11月15日午後2時頃、トランシルバニア地方の中核都市ブラショフに着いた。例のごとく宿に入るまでに苦労した。
安宿は、入るまでが挑戦
安宿は入るまでに難あがり、極端な場合、宿の前に立って永遠に待ち続けることになる。苦労の経緯をあれこれ述べるより、正しい入り方を書いておく方が役立つだろう。
何よりも、ヨーロッパの(最近は日本も含めた他の多くの地域の)安宿にはレセプションがない。とにかく宿に行けば泊まれる、と思うのは大間違い。何時からチェックイン、と予約サイトに書いてあっても、その時間に「レセプションが開く」訳ではない。宿名さえ出ていない。住所(通りに着いている番号)で判断する以外ない。門は暗証番号で開くようになっており、これがわからないと永遠に入れない(たまたま出てくる人が居れば、その際に入ることは可能)。

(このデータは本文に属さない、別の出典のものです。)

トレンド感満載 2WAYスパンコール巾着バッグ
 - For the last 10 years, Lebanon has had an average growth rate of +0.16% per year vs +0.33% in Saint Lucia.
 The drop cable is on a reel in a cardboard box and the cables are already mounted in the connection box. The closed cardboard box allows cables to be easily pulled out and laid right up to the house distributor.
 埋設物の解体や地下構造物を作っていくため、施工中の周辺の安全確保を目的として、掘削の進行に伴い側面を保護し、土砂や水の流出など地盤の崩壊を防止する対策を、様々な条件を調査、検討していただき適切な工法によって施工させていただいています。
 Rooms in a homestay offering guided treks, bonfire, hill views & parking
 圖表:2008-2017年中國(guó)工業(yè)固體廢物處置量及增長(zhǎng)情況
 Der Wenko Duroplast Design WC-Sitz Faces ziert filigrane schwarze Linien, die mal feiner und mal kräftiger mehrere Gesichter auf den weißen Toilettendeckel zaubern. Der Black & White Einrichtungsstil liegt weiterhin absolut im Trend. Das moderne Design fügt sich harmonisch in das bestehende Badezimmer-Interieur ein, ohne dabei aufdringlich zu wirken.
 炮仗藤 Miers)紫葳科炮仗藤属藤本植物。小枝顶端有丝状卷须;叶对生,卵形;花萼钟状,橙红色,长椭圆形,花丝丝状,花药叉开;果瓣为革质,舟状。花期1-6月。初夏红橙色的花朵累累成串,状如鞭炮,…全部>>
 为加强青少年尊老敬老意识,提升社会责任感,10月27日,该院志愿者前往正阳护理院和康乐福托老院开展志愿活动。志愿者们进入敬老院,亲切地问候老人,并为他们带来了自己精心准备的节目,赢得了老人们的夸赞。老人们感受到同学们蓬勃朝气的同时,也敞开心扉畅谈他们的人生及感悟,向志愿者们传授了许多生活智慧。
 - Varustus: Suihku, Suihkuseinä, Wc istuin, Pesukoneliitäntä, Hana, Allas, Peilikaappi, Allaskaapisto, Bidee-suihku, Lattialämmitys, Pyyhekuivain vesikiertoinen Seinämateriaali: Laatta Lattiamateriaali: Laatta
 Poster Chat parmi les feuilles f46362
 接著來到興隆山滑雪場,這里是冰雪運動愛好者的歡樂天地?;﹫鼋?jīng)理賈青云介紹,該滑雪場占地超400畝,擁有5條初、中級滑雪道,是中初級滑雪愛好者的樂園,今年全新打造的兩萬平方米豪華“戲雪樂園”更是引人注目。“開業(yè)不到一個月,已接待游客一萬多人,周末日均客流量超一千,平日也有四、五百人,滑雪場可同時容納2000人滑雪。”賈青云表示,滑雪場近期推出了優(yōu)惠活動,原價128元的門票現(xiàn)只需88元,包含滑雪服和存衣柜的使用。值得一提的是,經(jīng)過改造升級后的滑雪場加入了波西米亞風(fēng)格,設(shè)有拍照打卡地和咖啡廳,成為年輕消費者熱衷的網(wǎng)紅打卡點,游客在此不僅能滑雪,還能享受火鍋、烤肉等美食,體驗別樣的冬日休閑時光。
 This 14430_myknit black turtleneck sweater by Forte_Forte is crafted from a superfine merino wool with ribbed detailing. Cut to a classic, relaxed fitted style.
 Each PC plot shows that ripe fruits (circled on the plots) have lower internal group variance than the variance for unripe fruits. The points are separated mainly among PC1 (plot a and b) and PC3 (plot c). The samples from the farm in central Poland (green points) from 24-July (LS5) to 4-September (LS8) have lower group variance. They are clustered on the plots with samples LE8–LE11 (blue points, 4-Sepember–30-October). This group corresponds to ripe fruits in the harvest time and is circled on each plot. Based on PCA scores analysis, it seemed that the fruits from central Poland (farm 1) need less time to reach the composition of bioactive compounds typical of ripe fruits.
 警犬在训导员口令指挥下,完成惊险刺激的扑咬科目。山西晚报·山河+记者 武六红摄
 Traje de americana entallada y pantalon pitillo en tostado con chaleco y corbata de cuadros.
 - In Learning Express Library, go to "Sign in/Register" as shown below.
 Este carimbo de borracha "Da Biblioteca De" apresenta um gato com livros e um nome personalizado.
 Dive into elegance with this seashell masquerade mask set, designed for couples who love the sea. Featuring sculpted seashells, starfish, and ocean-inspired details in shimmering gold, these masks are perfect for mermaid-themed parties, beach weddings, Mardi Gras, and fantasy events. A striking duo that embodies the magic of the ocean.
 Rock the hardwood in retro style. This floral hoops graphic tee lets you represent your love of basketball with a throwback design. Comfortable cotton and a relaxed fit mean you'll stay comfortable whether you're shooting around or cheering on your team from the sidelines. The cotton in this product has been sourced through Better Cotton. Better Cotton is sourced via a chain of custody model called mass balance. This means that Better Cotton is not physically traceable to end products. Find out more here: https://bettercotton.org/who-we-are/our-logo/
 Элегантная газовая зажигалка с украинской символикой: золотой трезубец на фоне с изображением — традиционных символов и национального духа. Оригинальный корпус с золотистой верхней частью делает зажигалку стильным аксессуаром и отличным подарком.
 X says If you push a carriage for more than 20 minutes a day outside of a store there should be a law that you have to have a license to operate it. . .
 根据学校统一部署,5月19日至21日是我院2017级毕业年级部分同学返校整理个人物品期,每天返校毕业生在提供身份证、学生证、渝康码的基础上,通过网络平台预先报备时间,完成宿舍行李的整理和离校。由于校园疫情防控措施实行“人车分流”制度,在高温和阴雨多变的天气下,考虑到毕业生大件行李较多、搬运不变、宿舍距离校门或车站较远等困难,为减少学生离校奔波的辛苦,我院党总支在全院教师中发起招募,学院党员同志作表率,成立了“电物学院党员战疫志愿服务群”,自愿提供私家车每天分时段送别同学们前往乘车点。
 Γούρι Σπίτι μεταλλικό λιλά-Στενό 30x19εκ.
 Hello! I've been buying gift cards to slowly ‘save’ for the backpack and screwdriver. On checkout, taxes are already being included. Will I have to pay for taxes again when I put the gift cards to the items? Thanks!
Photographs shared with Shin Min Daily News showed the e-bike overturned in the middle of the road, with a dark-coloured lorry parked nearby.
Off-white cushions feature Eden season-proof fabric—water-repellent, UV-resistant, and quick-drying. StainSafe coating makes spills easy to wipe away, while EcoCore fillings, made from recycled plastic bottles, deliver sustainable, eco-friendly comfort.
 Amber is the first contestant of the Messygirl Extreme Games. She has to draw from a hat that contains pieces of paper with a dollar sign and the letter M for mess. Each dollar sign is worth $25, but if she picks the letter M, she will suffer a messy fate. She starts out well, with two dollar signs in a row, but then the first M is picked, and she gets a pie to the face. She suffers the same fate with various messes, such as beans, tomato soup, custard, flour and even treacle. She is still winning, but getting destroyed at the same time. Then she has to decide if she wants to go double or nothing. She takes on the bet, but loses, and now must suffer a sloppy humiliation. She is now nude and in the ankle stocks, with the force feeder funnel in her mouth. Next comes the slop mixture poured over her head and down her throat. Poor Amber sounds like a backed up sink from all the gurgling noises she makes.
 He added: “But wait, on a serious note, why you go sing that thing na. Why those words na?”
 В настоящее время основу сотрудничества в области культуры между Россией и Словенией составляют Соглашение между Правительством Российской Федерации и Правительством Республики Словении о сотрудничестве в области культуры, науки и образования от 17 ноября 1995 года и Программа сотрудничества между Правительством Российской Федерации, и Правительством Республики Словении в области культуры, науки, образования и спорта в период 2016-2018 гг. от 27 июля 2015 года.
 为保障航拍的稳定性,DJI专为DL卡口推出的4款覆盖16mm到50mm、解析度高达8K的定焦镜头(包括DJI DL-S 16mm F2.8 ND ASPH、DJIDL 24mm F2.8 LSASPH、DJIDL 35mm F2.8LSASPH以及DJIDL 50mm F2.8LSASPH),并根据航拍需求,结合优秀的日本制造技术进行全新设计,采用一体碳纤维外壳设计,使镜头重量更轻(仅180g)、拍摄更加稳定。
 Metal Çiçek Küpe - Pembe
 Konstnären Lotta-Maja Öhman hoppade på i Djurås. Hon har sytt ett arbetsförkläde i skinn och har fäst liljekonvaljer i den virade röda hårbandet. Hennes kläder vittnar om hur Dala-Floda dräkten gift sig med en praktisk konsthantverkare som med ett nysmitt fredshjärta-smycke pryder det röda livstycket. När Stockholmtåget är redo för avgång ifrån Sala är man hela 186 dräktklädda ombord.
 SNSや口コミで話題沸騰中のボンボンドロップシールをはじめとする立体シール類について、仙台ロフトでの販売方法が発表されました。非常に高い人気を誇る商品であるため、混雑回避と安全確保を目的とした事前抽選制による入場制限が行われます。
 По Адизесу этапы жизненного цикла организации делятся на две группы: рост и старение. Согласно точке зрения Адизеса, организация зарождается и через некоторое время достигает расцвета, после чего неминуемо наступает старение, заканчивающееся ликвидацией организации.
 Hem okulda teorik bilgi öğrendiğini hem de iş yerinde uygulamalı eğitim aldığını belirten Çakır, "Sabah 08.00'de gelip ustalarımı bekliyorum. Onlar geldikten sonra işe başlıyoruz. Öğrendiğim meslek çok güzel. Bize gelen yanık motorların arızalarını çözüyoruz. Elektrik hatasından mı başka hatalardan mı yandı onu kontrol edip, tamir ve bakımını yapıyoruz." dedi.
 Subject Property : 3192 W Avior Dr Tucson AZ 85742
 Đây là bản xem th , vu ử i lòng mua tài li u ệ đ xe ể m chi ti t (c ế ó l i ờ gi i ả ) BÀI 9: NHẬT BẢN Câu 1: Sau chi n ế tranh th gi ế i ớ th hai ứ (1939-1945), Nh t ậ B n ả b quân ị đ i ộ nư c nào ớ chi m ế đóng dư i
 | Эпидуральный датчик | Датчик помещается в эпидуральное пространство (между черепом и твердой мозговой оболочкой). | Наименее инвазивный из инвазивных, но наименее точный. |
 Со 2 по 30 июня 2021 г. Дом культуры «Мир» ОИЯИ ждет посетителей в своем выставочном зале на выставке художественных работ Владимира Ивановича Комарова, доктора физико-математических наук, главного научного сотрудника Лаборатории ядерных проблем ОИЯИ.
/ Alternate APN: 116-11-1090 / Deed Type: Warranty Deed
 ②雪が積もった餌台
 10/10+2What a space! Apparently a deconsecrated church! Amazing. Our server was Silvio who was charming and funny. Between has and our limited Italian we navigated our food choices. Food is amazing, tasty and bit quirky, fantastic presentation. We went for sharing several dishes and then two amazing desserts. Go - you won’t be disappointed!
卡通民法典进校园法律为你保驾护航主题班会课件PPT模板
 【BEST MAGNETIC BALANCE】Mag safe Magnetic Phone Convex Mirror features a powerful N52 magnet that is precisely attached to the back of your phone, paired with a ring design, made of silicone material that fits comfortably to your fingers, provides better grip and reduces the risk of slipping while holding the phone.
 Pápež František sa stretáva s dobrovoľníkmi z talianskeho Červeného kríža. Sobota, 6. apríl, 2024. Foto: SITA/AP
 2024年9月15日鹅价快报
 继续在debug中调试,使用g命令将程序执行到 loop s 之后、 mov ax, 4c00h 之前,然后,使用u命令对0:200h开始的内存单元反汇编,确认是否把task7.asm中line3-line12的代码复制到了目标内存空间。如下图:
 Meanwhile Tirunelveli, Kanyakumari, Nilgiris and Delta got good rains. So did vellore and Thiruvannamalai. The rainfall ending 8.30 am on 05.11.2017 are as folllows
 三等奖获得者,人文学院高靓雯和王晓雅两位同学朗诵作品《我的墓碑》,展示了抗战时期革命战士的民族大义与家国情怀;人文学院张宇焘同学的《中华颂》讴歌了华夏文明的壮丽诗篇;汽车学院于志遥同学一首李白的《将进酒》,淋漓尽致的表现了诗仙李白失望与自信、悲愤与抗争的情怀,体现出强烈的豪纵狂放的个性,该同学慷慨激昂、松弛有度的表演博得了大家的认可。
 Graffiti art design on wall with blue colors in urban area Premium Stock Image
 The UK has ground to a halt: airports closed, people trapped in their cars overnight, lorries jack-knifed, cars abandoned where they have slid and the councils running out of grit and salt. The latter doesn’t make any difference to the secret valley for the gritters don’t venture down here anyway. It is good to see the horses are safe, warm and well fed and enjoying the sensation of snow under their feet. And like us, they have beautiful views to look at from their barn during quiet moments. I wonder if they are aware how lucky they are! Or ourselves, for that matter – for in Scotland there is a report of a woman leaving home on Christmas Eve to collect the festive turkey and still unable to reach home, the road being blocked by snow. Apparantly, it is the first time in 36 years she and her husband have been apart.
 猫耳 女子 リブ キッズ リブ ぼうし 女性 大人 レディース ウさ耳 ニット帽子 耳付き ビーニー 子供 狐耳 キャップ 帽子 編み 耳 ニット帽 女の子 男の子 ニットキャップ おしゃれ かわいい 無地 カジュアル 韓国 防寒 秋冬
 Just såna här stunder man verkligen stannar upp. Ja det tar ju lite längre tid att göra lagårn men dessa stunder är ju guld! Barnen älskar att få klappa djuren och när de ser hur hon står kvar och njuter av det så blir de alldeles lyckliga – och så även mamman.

したって安宿は、予約サイトで予約したら、入り方を入念に調べておく必要がある。良心的なところはメールで門の暗証番号、部屋のドアの暗証番号などを前もって連絡してくれる(日本ならだいたいそうだ)。しかし、部屋ドアの暗証番号はともかく、玄関の暗証番号は固定されている場合が多い。こんなものを本当に来るかどうかわからない予約客に簡単に教えると物騒だ。だから本人が実際に宿の門前まで来た段階で電話やメッセージ(SNS)で教える、などとするところもある(今回のブラショフ安宿のオーナーにはその気配があった)。とすると門の前でも電話やネットが使える環境がないとアウトだ。それがあっても、閉じられたままの玄関で電話する必要に気づいて電話しても、オーナーがすぐ出ないこともあり、その場合はやはり門前でじっと待つ他なくなる。安宿はだいたい危ない地域におることが多いから、そこでよからぬ輩に目をつけられて…となる危険もある。
正しい入り方
だから、正しい対処法は、予約した段階で、その予約サイトを丹念に調べ、オーナーにメール、SNS、電話で連絡する方法を探すことだ。サイト側でも信頼できる宿を登録するため、そうした連絡先を明示させていることが多い。これが適当な連絡先であったら登録を抹消することぐらいの対応はサイト側としても取るだろう。
で、連絡してできればドアの暗証番号くらいは聞き出しておく。部屋番号とそのカギ暗証番号も聞き出せればいい。今回のブラショフの安宿では暗証番号はなく、部屋のドアは開いていた。ドアの後側にカギが刺さっていて、通常はそれでカギをかけておけ、ということのようだった。そんなこと細かい指示はないが、状況から判断してそうせよということなのだ。安ければ安いほど、かゆい所に手の届いた対応は期待できないから、こういう事情によく慣れ、自分で適宜判断してサバイバルしなければならない。
ブラショフの安宿は、テレビはあるが点かず、トイレットペーパーはほとんどなく、バスタブはあるが栓はなく(使うなということだろう)、シャワーは固定するとなぜか後方にしか噴射せず、いろいろ問題はあったが、とにかく暖房があり、あったかい部屋とベッドがある。それだけで充分じゃないか。その上、お湯が出てシャワーが使え、何よりも命のWifiがちゃっと機能する。どこの街でも予約サイトの「個室」で最安のところを躊躇なく予約する。アジなど途上国では恐ろしいところに入ることになるが、ヨーロッパはやはり最低は保証されているので安心だ。
ドイツ人がつくった街
(参考)
中世の時代からドイツ人たちは特権的だった。ルーマニア人は市内に住まわせず、この門(スケイ門)の外に追いやっていた。写真は外側から見たスケイ門。私の入った宿Central Brasovはこれを入ったすぐのところにあった。旧市街に安宿がたくさんあるのはありがたい。